Figure 1. The daily bike demand for Dongdaemun-gu in Seoul.
Statistical time-series models using the state–space modeling (SSM) approach [4,5] learn patterns, such as trends and seasonality, and provide corresponding error terms that are used to compute prediction intervals; that is, SSM can provide a framework for distributional time-series forecasts. However, is difficult to infer shared patterns across the series using SSM because the model parameters are estimated independently for each bike station.
Consequently, demand forecasting is primarily for bike rebalancing, and the demand forecast must be obtained from all the city’s stations or at least from a city district. Individually developing SSM for each station within the entire area requires too many computations; therefore, it is difficult to consider this method a viable option. Moreover, demand correlations exist between neighboring stations [1,6]. For example, if one station is crowded with people picking up bikes, the nearby stations will be crowded with people from the same group. Therefore, we must consider alternative forecasting methodologies that encompass these issues.

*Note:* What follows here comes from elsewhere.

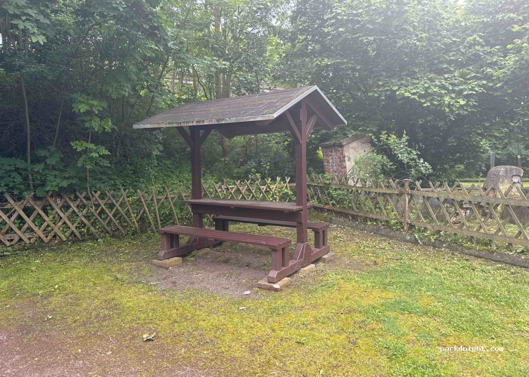Grand carré avec banc de pique-nique. Rivière, prairies, idéal avec les chiens. Résident sceptique. Nature. Le train est bruyant. Sinon calme.

Recently published research investigated deep-learning neural-network models that tackle time-series forecasting problems [7,8,9,10,11]. Despite the drawbacks of the deep-learning structure, such as requiring a great deal of data to obtain an accurate model and difficulty in interpreting the developed model, it can capture complex seasonality and trend patterns and incorporate sharing information across the time series into the model [7,9]. This is a purely data-driven modeling process that does not require labor-intensive human effort in raw data pre-processing and model-feature selection.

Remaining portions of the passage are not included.